Inspired by stories he heard while filming Schindler’s List, Steven Spielberg founded the Institute in 1994 to videotape and preserve interviews with survivors and other witnesses of the Holocaust. Since then, the Institute has recorded 55,000 testimonies in 43 languages in 65 countries, making it one of the largest digital collections of its kind in the world.
Our communication team sat down with USC Shoah Foundation to share their work, mission, and story.
What is your organization’s mission?
USC Shoah Foundation is dedicated to making audio-visual interviews with witnesses of the Holocaust and other genocides a compelling voice for education and action. The Institute strives to understand and share the insights contained within its archive through research, education, and global outreach. The Center for Advanced Genocide Research serves as the research and scholarship unit of the Institute, dedicated to advancing new areas of interdisciplinary research on the Holocaust and other genocides. The Institute’s testimony-based education programs have reached more than 100,000 educators and 10 million students worldwide. The Institute works with a dynamic, international community of partners to give the public access to the Visual History Archive at more than 50 universities, and to curated collections at 200 libraries, museums, and memorial sites.

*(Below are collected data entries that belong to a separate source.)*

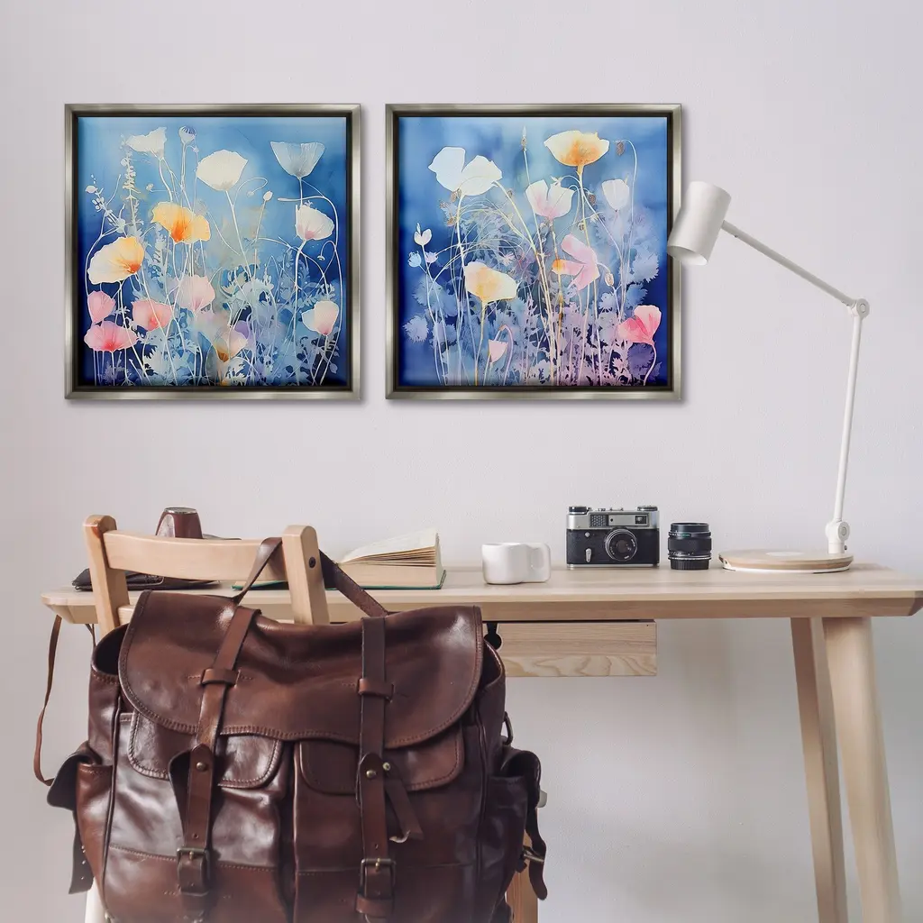 Elevate your home or office to the next level with Stupell Framed Floating Canvas Wall Art. Our premium hand-stretched canvas is mounted securely into a sturdy lightweight frame. The museum-style gap between the wrapped canvas and the box frame gives the illusion of floating artwork. Stupell Wall Art is made in the USA.Features: Dimensions: 2 Piece Set, Each Frame is 18 x 1.7 x 18Two Piece Floating Frame Canvas Products are available as 18"x18" or 25"x25" Panels. All Floating Frame Canvas Products have a 1.7" Depth.Wall Art is Ready to Hang with Hardware Free Hanging. No Installation required. For Easy Set Up Lean or Layer Artwork on Shelf or Against Wall. Artwork is Permently Fixed into the Frame.Our elevated 1.7" Thick Floating Frame is the perfect complement to our canvas style Wall Art. We use only the highest quality inks in house with industry leading printing solutions. Canvas is hand stretched over a durable wood foundation and then mounted securly into a Modern Box Frame. Made in the USA.Artwork Relates To: Floral, Pattern, Flower, Petal, Plant, Botanical, Bouquet, Modern, AbstractDesign by Irena Orlov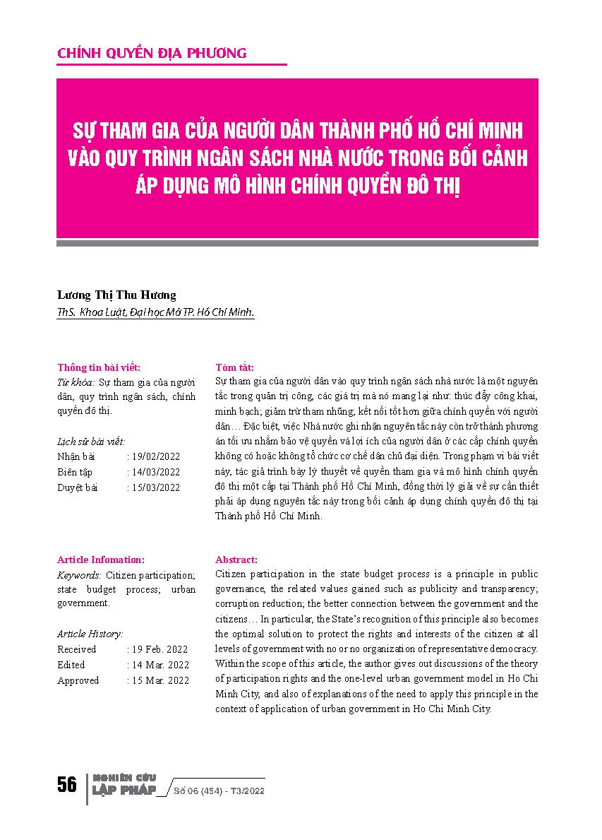 Sự tham gia của người dân thành phố Hồ Chí Minh vào quy trình ngân sách nhà nước trong bối cảnh áp dụng mô hình chính quyền đô thị = Citizen Participation in Ho Chi Minh City in the State Budget Process under Context of Application of Urban Government Mod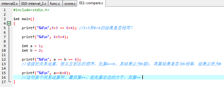 优先级:较低。比算术低,比赋值高 判断是否相等的==和!=比其他比较运算符低 5>3 == 6>4 : 连续的关系运算是从左到右的 6>5>4: 0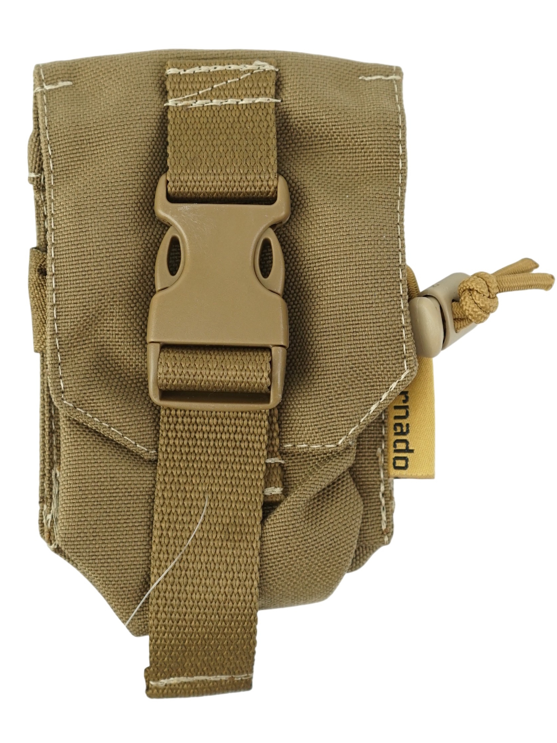 Подсумок гранатный от производителя Tornado Tactical (Россия). Изготовлен из материала нейлон 1000D. Подсумок застегивается на пластиковый фастекс, регулировочная стропа позволяет утянуть внутренне пространство подсумка до нужных размеров. Также на клапане в верхней части прошиты края для более четкой фиксации гранаты в подсумке.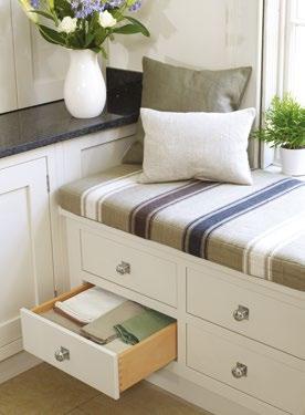 Nearing completion of their new house, these clients, an architect and her graphic designer partner, had not resolved a ‘modern versus classic’ kitchen debate until they saw our English Kitchen. Inspired by the work of the neoclassical architect Inigo Jones, it has the correct proportions of English period furniture but lends itself happily to contemporary detailing. And therein lay the solution for this project. Classic cabinetry is enhanced by modern decorative elements, from stainless steel appliances, metro tiles and ribbed glass to the specially-commissioned glass pendant lights. The informal eating and sitting space, with its oak-lined back wall, features lush, velvetupholstered banquettes surrounding a stylish glass and oak table. As with everything in this kitchen, it’s a chic fusion of two very personal styles.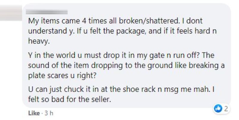 As of writing, his Facebook post garnered 974 likes, 362 comments and 3,500 shares, with netizens quick to chide the delivery staff for her poor handling of the parcel.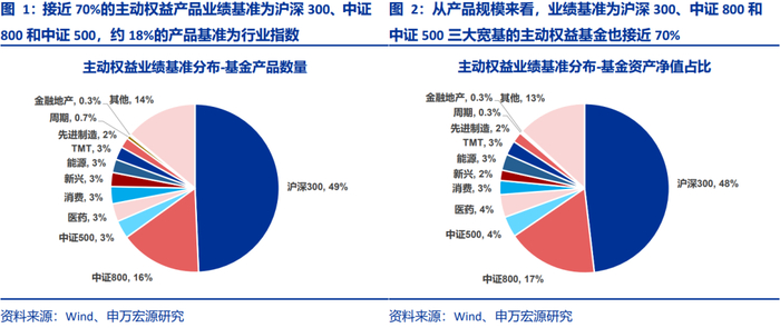根据 2024 年年报披露统计,4403 只主动权益基金样本中,接近 70%的主动权益产品业绩基准为沪深 300、中证 800 和中证 500 三大主流宽基指数,从产品规模来看比例也接近 70%。此外,行业指数中,医药、消费、新兴、能源为基准的产品数量占比均在 3%左右,其次是先进制造(2%)、周期(0.7%)和金融地产(0.3%)。
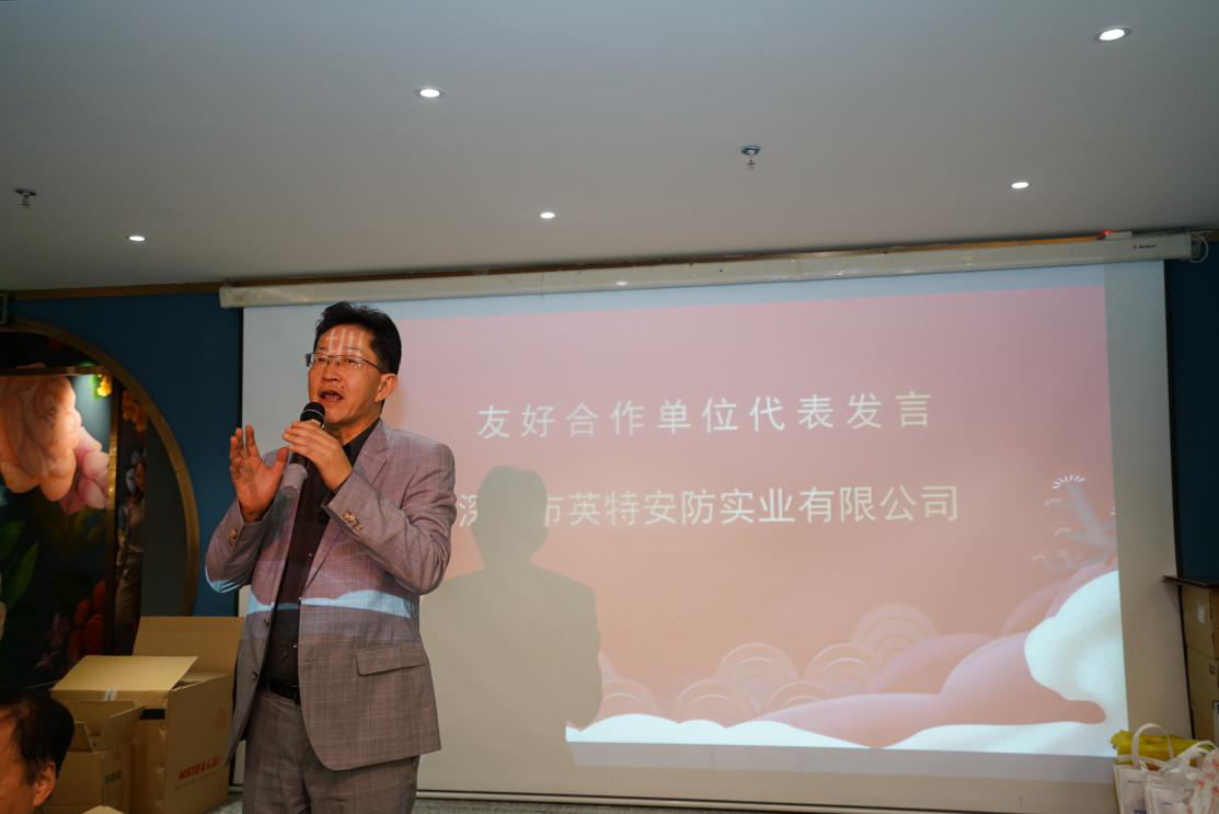 晚宴上,學(xué)會(huì)表彰了6家友好合作單位以資感謝支持,并邀請了其中的來自深圳市英特安防實(shí)業(yè)有限公司閆建國總經(jīng)理代表發(fā)言。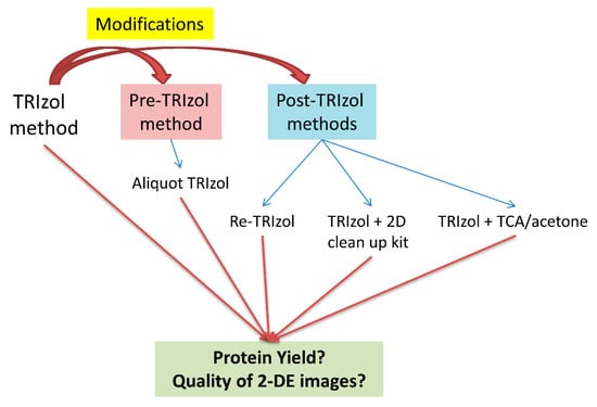 - Likhite, N.; Warawdekar, U.M. A unique method for isolation and solubilization of proteins after extraction of RNA from tumor tissue using Trizol. J. Biomol. Tech. 2011, 22, 37–44. [Google Scholar]

What role does technology play in your organization?
Technology and innovation have been foundational to USC Shoah Foundation from its inception, from creating a vast archive of tapes in the 1990s, to digitizing and indexing our entire collection. The Institute holds 11 patents on digital collection management technologies it developed.

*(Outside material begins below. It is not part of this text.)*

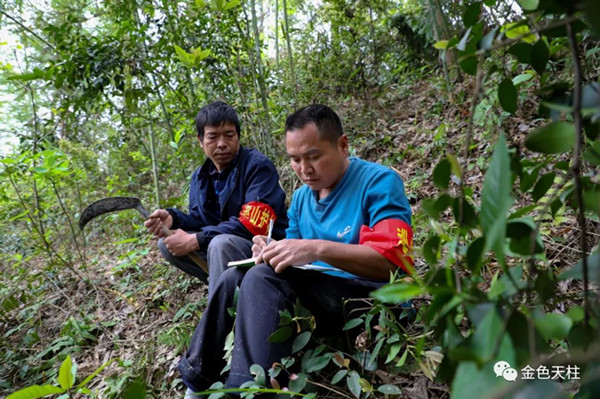 大山里草木茂密,楊代安和同事一邊查看四周的植被,一邊做好巡林記錄。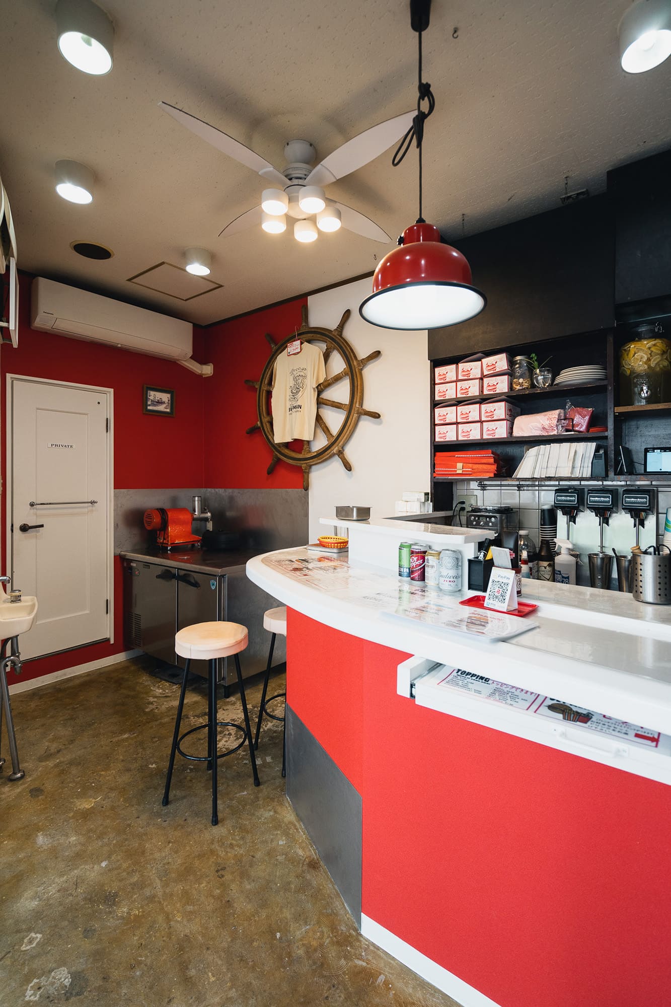 お店のイメージカラーである赤と白をベースとした、アメリカンなハンバーガーショップ。

None of the problems we seek to address have easy solutions, but through creative use of emerging technologies, we’ve striven to make the impossible possible, from making 116,000 hours of testimony indexed and searchable to the minute, to automating the restoration of twelve consecutive years of video. Our latest initiatives move us into the world of virtual reality: Dimensions in Testimony is pioneering project that integrates advanced filming techniques, specialized display technologies and next generation natural language processing to allow users to ask questions and receive real-time, organic answers from pre-recorded interviews with survivors. Our IWalk app uses on-location 360-technology to create virtual tours, where survivors walk users through their life stories.
What is one thing your team wish the public knew about your work?

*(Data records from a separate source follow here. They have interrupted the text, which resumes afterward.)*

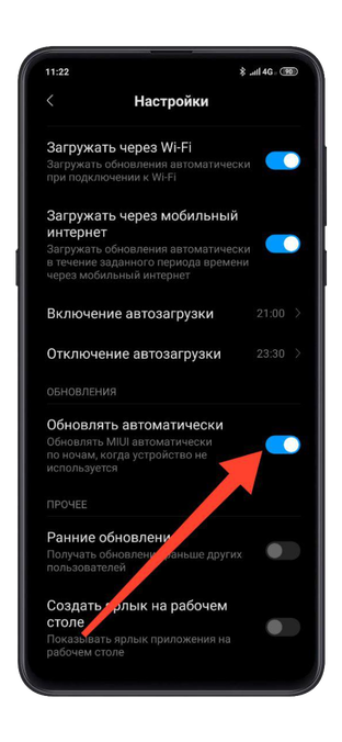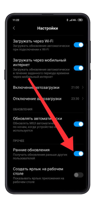 Если вы желаете получать обновления MIUI раньше других пользователей, то вы можете выставить активное значение в пункте «Ранние обновления».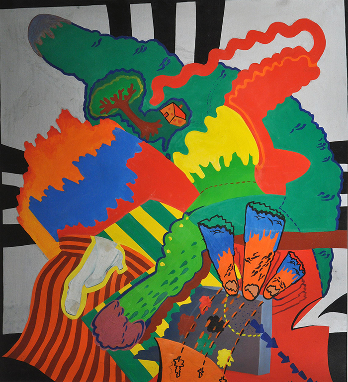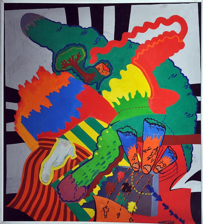 Donzelli Bruno (Napoli 1941) Natura pop della campagna olio su tela, cm 100x90 firmato e datato in basso a destra: Donzelli 1967 a tergo iscritto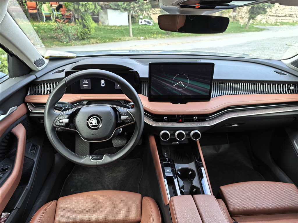 Kapıyı açtığınız anda L&K logosu sizi karşılıyor. İçeride kullanılan Nappa deri, gerçek alüminyum ve ahşap detaylarla birleşince adeta bir “Avrupa salonu” atmosferi oluşturuyor. Koltuklar ısıtmalı, soğutmalı ve masaj fonksiyonlu. Özellikle sürücü koltuğundaki “Ergo Comfort” yapısı uzun yolda fark yaratıyor. Arkada oturanlar da benzer bir lüks deneyimi yaşıyor; diz mesafesi o kadar geniş ki, neredeyse bir Superb değil, bir Superb Lounge!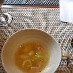 何時もは、ランチパスタランチセットでしたが、先日は🅱コースにしました! 前菜の生ハムに、ウリが入っってとても、美味しかったです❢ どれも美味しくて、パスタランチセットとは、違い豪華でした! 次は南瓜の冷製スープ、こちらは、スープが 絶品ですね〜!ほっかっちゃもびみ! パスタは、雲丹がタップリと入ったパスタに感激しました❣ 肉料理は、鴨のソテーでした! 最後はデザートに紅茶、相方はコーヒー🍝🥗☕ 全て、手の混んだプロの味に満足のランチでした!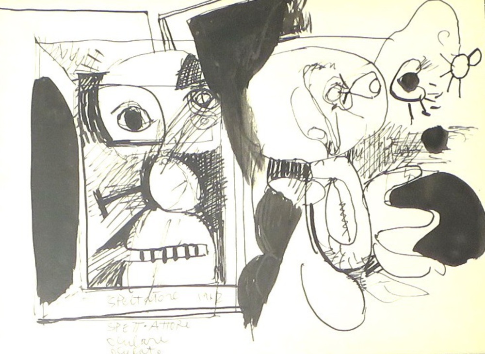 Cintoli Claudio (Imola, 1935 - Roma, 1978) SPETTATORE, 1962 Tecnica mista su carta 24x31,5 cm Titolo e data sul fronte Autentica dell'artista su foto Provenienza: già Collezione privata Claudio Cintoli Mixed media on paper 24x31,5 cm Titled, dated, recto Photo certificate of authenticity issued by the artist Provenance: formerly Private Collection Claudio Cintoli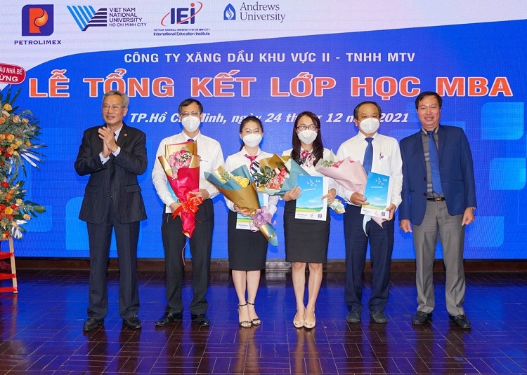 Phát biểu tại buổi lễ, TS. Nguyễn Việt Anh - Giám đốc chương trình MBA Andrews tại Việt Nam thay mặt nhà trường ghi nhận, biểu dương và đánh giá cao sự chỉn chu trong quá trình nghiên cứu và tư duy giải quyết vấn đề thực tiễn của doanh nghiệp cũng như tinh thần học tập vượt khó của cán bộ Petrolimex Sài Gòn trong hoàn cảnh dịch bệnh Covid-19 kéo dài.

While the vast majority of testimonies in the Institute’s Visual History Archive feature survivors and witnesses of the Holocaust, the Archive also includes interviews with individuals affected by 8 other incidents of mass violence, such as the Armenian Genocide, Nanjing Massacre, and the Genocide against the Tutsi in Rwanda. The Institute also chronicles current conflicts, including the 2017 massacres of the Rohingya, as well as stories from people impacted by contemporary antisemitism.
Is USC Shoah Foundation optimistic about the future of technology?
Yes! For our entire history, we have set bold goals and then developed the technology we need in order to achieve those goals. Optimism that technology can support our expanding vision and reach is paramount to how we operate.
How can people learn more about what you’re working on or experience it for themselves?
Explore our website to learn about Institute news and programs, check out the Visual History Archive Online to view our testimonies yourself, and visit IWitness, the Institute’s online educational platform, to discover how we’re transforming classrooms around the world.
Substantial helped us develop our very first educational app, called IWalk (available in the App Store and Google Play), which offers curated tours of specific sites of memory and memorialization, supported by educational resources and Visual History Archive testimony. IWalk supports teaching, but it is also designed to help the general public deepen their engagement with historic sites they are visiting.